Adrenocorticotropic (ACTH) hormone gel was approved by the United States Food and Drug Administration as a treatment for relapsing MS in 1978 and a treatment option for SLE in 1952.[32,33] ACTH has anti-inflammatory and immunomodulatory effects due to activation of central and peripheral melanocortin receptors.[34] In MS, a systematic review demonstrated that ACTH or corticosteroids were effective over the short term in improving symptoms, thus favoring recovery.[35] With regard to SLE patients with moderate or severe active SLE, an open-label study showed that ACTH gel may provide significant disease activity reduction.[33] Another retrospective study has shown that ACTH appears to be safe and well tolerated after six months of SLE treatment with significant reduction of disease activity.[36]

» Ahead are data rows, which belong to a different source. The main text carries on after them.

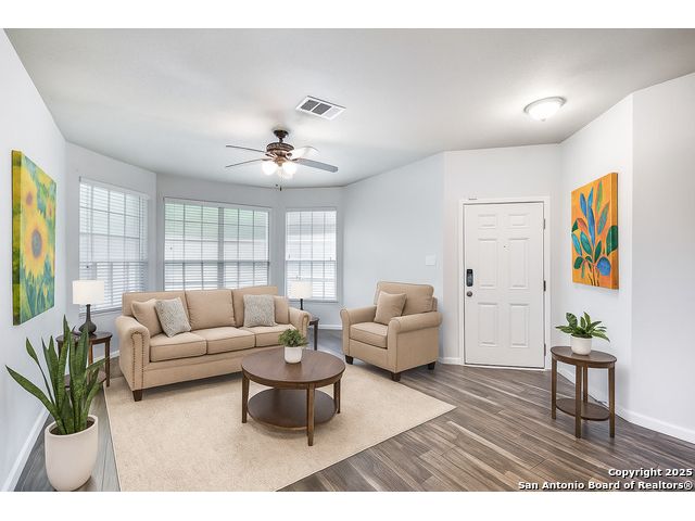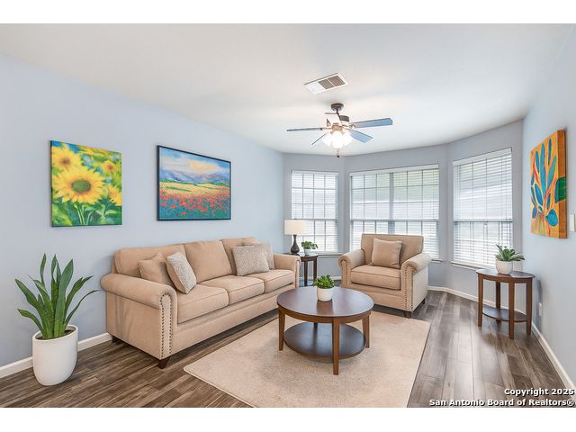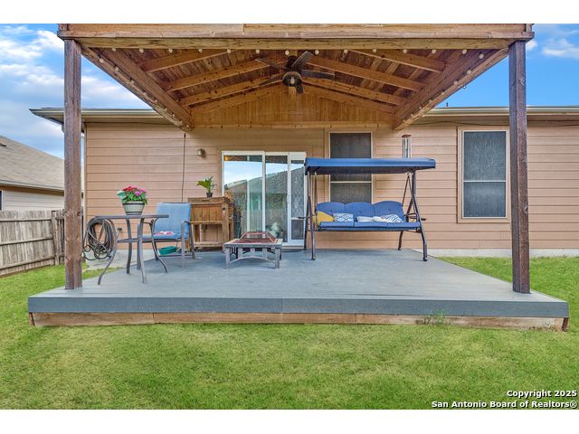 Welcome to this inviting single-story home featuring a bright and open floor plan designed for comfort and functionality with NO carpeting! A beautiful bay window fills the living area with natural light, creating a warm and welcoming atmosphere. The spacious layout offers seamless flow between the living, dining, and kitchen areas-perfect for everyday living and entertaining. Step into your private outdoor retreat-this spacious backyard features a large covered deck, perfect for relaxing in the shade or entertaining. Step into your private outdoor retreat-this spacious backyard features a large covered deck, perfect for relaxing in the shade or entertaining year-round. Whether you're hosting a barbecue, enjoying morning coffee, or watching the sunset, this versatile outdoor living space offers comfort, style, and plenty of room to unwind. Enjoy the convenience of a prime location with quick access to IH-35, Randolph Air Force Base, and Fort Sam Houston. Whether you're commuting, running errands, or exploring nearby amenities, this home puts you right where you need to be.
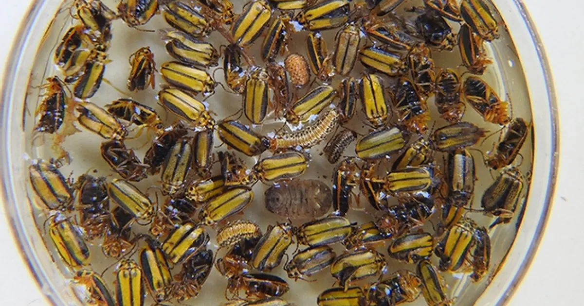 And if you look closer, you'll see the leaves--the feeding site--dropping prematurely, and beetles and their larvae falling with them.
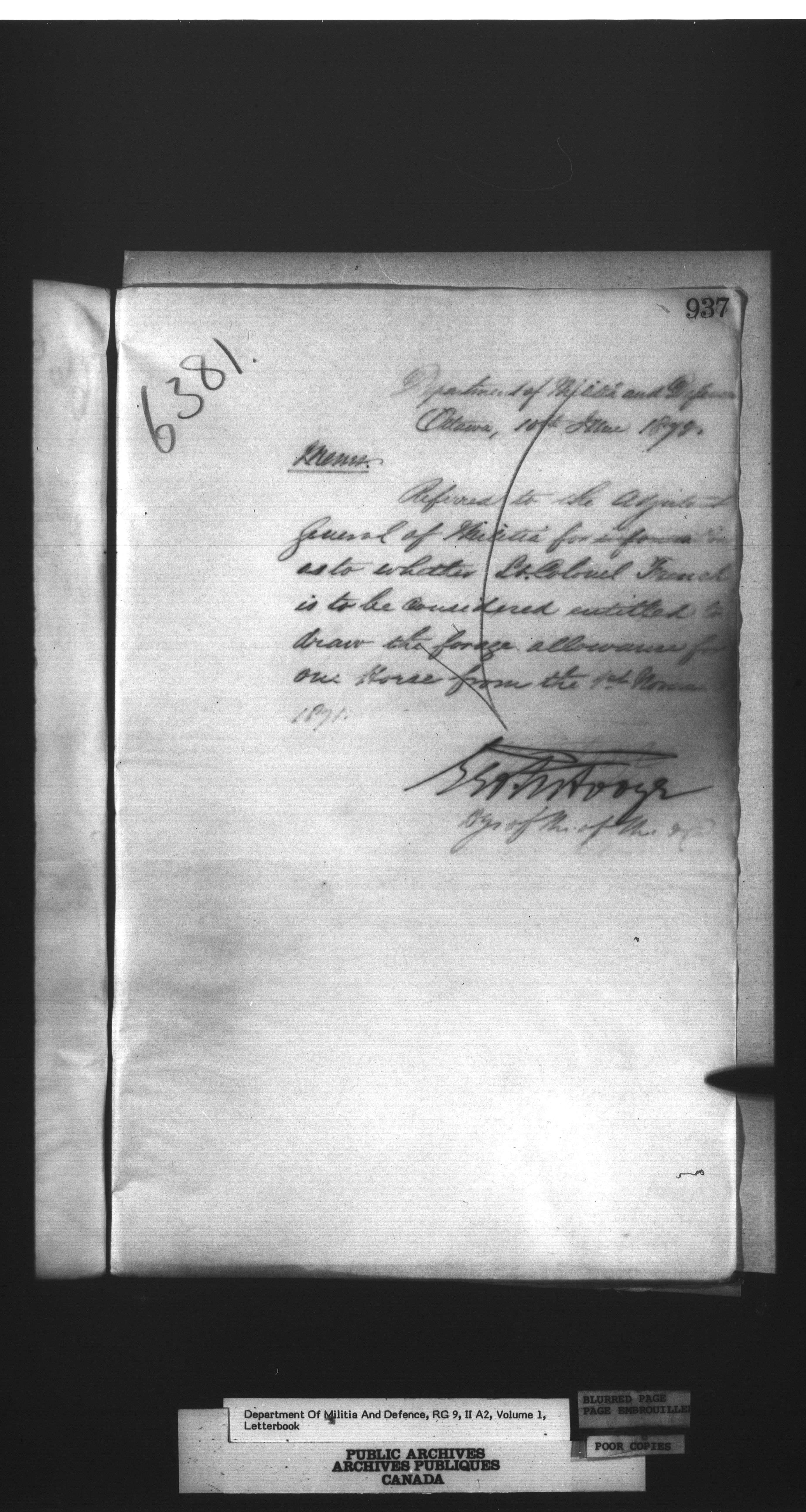 Letterbooks of the deputy minister and the adjutant general, 1868-1920 - 268
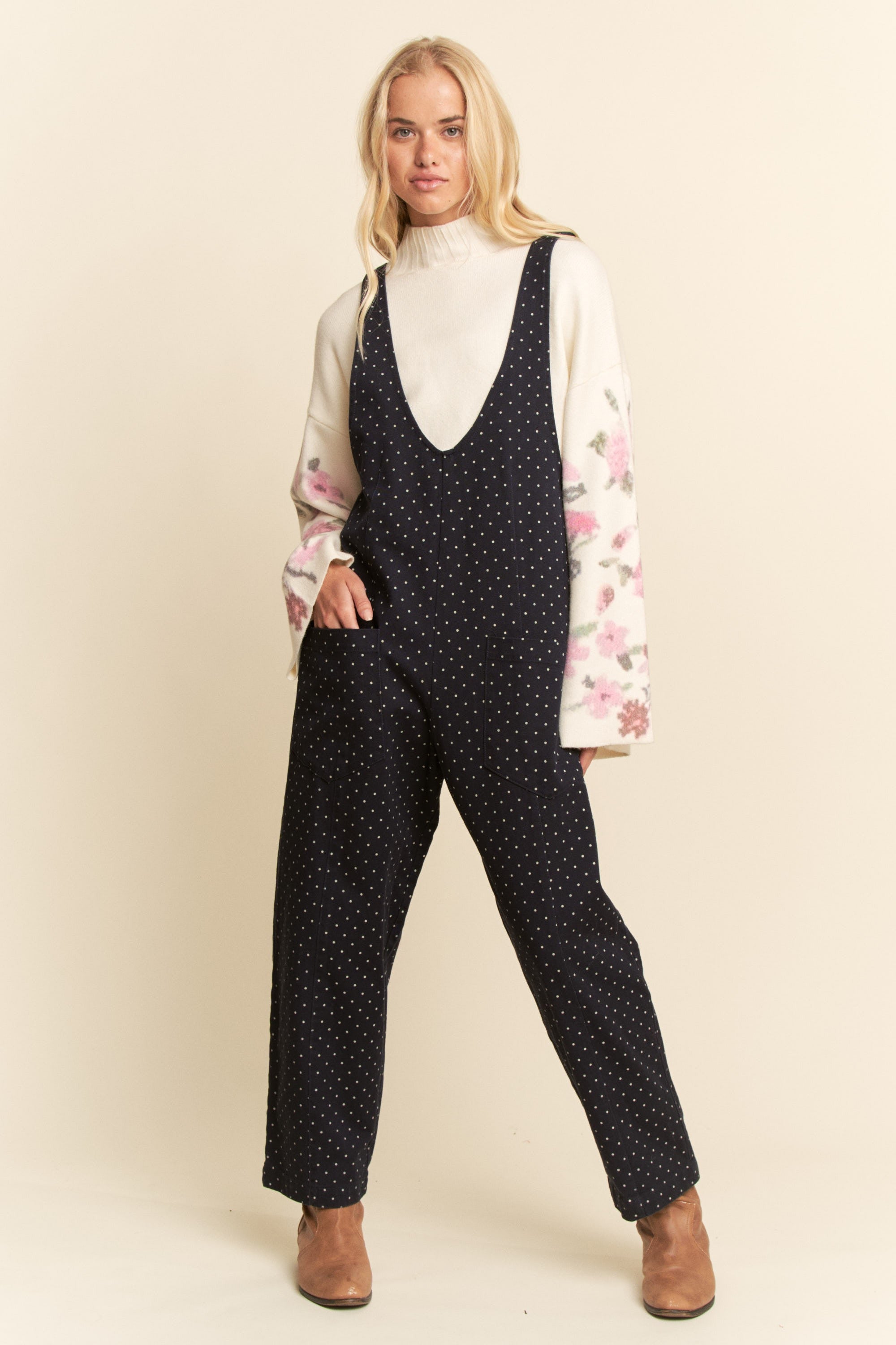 Navy Polka Dot Jumpsuit with Adjustable Straps

Our patient received treatment with rituximab, the efficacy of which in MS has been shown in observational and phase II studies. Hauser et al. have shown that compared with placebo, rituximab reduced inflammatory brain lesions and clinical relapses for 48 weeks.[37] Spelman et al. have shown that rituximab was superior to first-generation DMTs with respect to relapse control and tolerability.[22] An observational study showed that the rate of clinical relapses or neuroradiologic disease activity was significantly lower for rituximab when compared with injectable DMTs and dimethyl fumarate, with a tendency for a lower rate of relapses; this seems to also be the case when compared with natalizumab and fingolimod.[38] Our patient had stable RRMS and she received IFN before switching to rituximab. On this point, an open-label phase II multicenter study showed that in patients with stable RRMS, a treatment switch from INF or glatiramer acetate to rituximab was associated with reduction of disease activity measured by MRI and levels of CSF neurofilament light chain.[39] Also, rituximab seems to have improved effectiveness and tolerability compared with fingolimod in stable RRMS patients who switch from natalizumab because of JC virus antibody positivity.[40] Finally, an observational study has shown that rituximab was safe and effective in patients with RRMS who failed to respond to first- and second-line therapies and also a useful option for patients with concomitant autoimmune disorders such as in our case report.[41]

In conclusion, the distinction between MS and SLE is a diagnostic challenge for the neurologist, and the presence of both diseases should be considered in patients with clinical neurologic manifestations of MS who present with typical systemic manifestations of SLE.